Two investigators independently assessed the abstract of each article, and the full article was assessed if it fulfilled the following criteria: (1) the publication must be original; (2) inclusion of objectively diagnosed, hemodynamically stable patients (normotensive patients) with acute PE in the inpatient or outpatient setting; (3) inclusion of patients>19 years old; (4) use of the PESI or sPESI model to stratify patients into a low-risk group irrespective of any evidence of right ventricular dysfunction; and (5) testing of cardiac troponin levels (TnI-troponin I, TnT-troponin T, or hs-TnI/TnT-high sensitivity troponin I/T) in patients. Study design, sample size, duration of follow-up, type of troponin used, definition of hemodynamic stability, and specific type of outcome measured (endpoint) did not affect the study eligibility.

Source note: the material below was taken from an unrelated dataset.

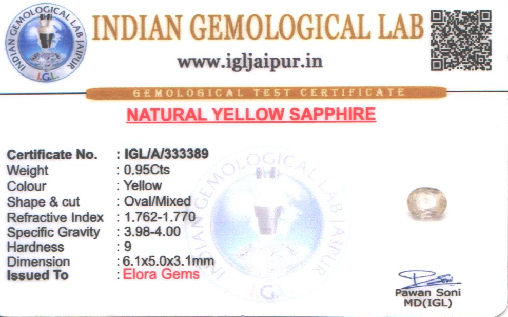 Natural Yellow Sapphire (Pushparag) weighing 0.95 carats In Oval from Sri Lanka (Ceylon)

Data Extraction and Risk of Bias Assessment

For each eligible article, we abstracted information and created 2 tables. Table 1 shows the study characteristics, and Supplementary Table 1 presents the outcomes of each individual study and the pooled outcomes. In cases where information regarding the specific number of outcomes from the paper is missing, we emailed the primary author. Two investigators independently evaluated studies that were included in the meta-analysis using the methodological risk of bias in accordance with the Cochrane Handbook for Systematic Reviews of Interventions. Each study was judged as being low, moderate, or high risk of bias (Supplementary Table 2). Disagreements were resolved with discussion between the 2 primary reviewers and obtaining a third opinion.